Un giorno dopo l’altro, registrò i propri appunti, osservazioni confuse che si contraddicevano, approfondivano, rivedevano, ipotizzavano, un’abbondanza caotica di informazioni su ogni sorta di argomento, una mappa disordinata e frammentaria che malgrado la sua complessità rappresentava solo uno schizzo approssimativo di un angolo dell’immensità che lei doveva esplorare: un modo di pensare e di vivere sviluppato ed elaborato nel corso di migliaia di anni dalla grande maggioranza degli esseri umani di quel mondo, un enorme sistema interdipendente di simboli, metafore, corrispondenze, teorie, cosmologia, cucina, callistenia, fisica, metafisica, metallurgia, medicina, fisiologia, psicologia, alchimia, chimica, calligrafia, numerologia, erboristeria, alimentazione, leggende, parabole, poesia, storia e racconti.
In quell’immensa foresta vergine mentale, Sutty cercò sentieri e segni, istituzioni che potessero essere descritte, idee che potessero essere definite.
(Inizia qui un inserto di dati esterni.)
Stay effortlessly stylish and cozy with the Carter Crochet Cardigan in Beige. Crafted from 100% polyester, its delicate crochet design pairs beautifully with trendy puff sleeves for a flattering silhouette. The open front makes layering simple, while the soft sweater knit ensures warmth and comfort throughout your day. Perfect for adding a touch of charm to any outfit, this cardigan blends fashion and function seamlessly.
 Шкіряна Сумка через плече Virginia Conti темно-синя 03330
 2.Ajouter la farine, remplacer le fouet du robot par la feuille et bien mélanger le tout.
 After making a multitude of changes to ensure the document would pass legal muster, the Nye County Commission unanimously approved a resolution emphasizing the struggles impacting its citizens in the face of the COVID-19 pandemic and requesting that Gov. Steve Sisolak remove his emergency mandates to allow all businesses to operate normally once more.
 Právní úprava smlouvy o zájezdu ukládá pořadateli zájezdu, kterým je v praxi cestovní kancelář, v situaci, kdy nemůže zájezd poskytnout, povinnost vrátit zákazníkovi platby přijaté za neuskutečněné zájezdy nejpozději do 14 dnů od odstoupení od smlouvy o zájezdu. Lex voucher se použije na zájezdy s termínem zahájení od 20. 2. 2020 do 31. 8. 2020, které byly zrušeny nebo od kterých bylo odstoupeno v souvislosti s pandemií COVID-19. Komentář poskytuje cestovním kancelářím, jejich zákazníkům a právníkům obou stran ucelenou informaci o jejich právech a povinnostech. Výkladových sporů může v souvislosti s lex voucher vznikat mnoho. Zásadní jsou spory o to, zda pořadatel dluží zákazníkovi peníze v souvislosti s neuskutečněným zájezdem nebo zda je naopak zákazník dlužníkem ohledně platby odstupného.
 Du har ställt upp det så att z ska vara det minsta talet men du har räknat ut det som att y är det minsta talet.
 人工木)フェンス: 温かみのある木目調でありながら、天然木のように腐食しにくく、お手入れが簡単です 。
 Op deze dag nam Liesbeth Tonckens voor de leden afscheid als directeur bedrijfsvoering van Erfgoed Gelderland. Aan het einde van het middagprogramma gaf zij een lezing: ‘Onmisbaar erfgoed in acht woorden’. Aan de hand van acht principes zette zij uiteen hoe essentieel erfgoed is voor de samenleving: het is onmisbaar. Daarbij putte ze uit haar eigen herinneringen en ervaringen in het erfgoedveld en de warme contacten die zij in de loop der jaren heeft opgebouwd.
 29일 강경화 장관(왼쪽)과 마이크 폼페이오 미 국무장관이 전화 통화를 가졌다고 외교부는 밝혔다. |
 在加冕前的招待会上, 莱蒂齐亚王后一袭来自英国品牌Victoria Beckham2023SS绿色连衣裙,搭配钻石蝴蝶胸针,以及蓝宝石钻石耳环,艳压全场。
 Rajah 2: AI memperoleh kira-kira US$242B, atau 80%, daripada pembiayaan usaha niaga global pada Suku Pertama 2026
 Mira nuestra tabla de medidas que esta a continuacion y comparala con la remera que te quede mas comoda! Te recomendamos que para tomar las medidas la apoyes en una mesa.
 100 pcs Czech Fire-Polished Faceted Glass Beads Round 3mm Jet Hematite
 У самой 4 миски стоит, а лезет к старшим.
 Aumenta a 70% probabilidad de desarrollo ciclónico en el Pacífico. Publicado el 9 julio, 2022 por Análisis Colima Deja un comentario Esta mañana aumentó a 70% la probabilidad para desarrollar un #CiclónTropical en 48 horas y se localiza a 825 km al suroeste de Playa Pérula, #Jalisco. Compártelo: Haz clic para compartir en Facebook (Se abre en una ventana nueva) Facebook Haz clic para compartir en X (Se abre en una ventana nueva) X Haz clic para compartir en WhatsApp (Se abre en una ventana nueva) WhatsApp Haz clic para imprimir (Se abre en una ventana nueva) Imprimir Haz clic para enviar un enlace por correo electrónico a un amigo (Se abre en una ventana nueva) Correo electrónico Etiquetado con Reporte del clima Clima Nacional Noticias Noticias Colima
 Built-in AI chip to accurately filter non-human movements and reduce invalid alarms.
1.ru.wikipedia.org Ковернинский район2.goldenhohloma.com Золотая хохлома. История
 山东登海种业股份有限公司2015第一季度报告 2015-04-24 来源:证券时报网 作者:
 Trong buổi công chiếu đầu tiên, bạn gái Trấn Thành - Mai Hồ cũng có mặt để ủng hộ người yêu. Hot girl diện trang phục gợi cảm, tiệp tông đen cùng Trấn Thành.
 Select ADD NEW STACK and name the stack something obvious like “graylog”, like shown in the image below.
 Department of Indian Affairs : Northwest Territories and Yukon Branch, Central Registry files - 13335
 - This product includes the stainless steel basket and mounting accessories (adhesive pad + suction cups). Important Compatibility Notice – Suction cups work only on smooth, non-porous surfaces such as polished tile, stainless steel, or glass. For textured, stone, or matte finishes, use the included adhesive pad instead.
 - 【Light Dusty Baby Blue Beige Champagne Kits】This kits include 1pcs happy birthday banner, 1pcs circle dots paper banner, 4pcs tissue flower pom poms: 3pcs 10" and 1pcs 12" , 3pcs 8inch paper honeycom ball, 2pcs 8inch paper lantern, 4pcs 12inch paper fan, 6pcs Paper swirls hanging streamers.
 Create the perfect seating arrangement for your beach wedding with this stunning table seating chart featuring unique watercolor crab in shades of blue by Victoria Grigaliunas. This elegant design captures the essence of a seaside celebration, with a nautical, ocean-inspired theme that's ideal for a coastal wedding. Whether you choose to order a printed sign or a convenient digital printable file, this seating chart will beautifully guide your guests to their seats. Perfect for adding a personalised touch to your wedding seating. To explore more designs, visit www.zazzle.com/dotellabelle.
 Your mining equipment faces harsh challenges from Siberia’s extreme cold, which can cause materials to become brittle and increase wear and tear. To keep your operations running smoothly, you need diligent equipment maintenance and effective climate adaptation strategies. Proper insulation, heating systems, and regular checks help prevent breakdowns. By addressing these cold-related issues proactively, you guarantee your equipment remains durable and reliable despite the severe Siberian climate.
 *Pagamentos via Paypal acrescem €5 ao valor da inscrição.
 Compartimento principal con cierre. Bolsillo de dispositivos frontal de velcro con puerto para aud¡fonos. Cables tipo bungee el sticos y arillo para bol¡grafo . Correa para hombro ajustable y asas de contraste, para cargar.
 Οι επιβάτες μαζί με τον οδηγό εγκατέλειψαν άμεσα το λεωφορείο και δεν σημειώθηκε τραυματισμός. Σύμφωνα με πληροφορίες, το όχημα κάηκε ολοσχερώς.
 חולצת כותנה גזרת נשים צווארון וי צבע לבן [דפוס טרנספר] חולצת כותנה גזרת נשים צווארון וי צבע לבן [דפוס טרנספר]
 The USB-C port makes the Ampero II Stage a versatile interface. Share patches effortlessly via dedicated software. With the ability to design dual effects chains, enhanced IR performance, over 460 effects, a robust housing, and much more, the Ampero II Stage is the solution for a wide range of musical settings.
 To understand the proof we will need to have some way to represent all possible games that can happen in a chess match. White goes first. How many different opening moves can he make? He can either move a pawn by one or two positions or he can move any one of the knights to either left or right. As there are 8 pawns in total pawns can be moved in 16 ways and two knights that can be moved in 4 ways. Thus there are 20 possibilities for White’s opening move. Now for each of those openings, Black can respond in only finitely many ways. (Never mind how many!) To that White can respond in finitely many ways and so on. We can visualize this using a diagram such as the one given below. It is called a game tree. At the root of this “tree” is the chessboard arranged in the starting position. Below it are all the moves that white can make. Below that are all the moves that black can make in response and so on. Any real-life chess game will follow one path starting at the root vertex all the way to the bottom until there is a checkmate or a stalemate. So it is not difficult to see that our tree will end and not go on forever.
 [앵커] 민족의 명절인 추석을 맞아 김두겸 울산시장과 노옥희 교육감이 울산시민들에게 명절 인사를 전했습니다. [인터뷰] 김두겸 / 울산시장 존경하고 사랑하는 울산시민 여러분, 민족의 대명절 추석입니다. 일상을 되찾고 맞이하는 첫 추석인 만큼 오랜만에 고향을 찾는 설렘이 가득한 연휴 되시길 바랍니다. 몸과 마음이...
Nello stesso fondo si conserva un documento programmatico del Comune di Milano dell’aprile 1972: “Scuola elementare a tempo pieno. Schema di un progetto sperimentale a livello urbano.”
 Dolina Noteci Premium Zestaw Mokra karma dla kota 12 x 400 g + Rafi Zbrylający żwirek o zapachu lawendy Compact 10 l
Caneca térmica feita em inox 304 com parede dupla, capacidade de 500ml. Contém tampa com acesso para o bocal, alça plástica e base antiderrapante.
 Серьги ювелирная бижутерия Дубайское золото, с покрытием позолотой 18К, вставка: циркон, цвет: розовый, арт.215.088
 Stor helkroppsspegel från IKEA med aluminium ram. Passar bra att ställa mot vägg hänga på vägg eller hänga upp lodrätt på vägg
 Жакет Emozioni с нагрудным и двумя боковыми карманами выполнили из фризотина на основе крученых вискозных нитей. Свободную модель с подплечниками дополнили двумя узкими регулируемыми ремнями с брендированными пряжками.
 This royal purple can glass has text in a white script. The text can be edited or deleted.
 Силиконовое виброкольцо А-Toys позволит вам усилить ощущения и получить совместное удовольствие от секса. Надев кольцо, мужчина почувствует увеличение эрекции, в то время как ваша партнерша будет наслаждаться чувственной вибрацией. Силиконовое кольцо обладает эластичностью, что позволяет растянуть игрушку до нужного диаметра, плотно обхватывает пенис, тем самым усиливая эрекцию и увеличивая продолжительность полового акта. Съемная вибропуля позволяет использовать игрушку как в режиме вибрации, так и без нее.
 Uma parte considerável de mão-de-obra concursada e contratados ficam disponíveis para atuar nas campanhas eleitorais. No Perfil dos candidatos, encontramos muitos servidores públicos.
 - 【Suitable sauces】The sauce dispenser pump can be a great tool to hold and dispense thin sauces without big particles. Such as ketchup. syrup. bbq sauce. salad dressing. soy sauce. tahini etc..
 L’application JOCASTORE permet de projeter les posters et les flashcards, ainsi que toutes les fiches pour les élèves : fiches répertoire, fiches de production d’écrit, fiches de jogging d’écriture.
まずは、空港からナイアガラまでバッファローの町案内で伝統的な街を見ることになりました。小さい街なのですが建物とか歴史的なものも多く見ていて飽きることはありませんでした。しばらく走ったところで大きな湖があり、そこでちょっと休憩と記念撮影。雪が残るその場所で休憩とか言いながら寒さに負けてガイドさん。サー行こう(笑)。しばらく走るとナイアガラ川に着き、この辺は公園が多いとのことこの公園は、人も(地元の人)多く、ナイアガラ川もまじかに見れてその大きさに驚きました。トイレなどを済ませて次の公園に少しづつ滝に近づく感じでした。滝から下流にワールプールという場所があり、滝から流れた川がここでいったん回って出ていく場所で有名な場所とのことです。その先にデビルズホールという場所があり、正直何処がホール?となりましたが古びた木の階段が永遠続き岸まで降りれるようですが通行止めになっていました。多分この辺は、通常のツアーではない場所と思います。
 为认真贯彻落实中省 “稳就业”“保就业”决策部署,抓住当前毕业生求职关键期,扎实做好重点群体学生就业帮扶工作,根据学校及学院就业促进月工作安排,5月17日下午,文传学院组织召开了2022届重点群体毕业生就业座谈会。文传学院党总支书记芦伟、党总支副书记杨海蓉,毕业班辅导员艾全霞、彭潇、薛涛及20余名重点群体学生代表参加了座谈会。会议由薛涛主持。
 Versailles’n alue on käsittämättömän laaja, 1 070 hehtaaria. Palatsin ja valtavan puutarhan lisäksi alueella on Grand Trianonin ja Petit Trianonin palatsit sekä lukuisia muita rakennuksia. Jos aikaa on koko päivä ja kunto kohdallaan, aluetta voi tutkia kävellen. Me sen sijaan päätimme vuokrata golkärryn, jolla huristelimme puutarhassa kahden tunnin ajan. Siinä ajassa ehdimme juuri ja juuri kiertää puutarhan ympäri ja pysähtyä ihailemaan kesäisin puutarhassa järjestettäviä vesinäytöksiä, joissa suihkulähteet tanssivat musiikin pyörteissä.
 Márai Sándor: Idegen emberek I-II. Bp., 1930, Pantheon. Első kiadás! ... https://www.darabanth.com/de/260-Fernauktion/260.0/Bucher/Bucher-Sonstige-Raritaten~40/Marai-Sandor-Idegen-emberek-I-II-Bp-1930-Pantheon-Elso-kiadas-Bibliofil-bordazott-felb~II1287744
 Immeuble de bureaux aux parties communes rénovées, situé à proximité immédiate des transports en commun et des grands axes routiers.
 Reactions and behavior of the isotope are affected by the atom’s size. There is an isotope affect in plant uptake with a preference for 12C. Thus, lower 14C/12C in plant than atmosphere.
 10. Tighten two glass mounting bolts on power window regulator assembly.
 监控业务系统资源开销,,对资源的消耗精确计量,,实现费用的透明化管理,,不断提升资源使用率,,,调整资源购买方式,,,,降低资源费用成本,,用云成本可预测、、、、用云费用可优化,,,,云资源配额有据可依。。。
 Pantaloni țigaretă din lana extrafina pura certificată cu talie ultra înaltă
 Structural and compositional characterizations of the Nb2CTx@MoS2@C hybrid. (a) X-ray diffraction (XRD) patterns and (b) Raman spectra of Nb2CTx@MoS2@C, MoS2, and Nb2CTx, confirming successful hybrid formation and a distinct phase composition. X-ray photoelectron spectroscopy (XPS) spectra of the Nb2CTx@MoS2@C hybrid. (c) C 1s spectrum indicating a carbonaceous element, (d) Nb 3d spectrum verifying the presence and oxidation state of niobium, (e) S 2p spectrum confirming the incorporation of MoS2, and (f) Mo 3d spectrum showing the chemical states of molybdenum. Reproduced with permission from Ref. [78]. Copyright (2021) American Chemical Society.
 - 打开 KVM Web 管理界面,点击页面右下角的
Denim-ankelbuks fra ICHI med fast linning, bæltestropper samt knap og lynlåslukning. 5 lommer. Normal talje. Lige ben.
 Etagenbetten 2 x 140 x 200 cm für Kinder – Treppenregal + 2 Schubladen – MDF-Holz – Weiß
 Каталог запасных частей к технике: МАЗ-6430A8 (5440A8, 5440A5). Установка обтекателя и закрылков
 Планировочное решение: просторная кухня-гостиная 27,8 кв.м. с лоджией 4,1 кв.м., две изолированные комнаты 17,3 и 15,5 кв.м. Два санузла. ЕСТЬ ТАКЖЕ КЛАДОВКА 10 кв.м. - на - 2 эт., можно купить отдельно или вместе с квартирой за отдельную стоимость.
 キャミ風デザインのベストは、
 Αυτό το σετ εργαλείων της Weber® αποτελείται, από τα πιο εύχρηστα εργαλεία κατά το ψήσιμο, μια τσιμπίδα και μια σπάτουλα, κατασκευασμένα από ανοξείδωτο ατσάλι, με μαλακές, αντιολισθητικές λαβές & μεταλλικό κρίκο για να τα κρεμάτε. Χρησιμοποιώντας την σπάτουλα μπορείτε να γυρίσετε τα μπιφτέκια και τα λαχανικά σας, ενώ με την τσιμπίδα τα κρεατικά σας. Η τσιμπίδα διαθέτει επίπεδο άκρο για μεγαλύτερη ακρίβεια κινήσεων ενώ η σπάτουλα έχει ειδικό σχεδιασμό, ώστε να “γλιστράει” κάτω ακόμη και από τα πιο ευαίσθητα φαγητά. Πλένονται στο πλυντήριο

Evitò d’istinto i grandi concetti nebulosi e cercò elementi tangibili, come l’architettura. Gli edifici di Okzat-Ozkat con la doppia porta che rappresentava l’Albero una volta erano templi, "umyazu", una parola adesso bandita, cancellata. Le parole cancellate erano utili segnalazioni di sentieri che avrebbero potuto indicare la strada da seguire in quell’area selvaggia. "Tempio" era la traduzione migliore? Cosa accadeva nell’umyazu?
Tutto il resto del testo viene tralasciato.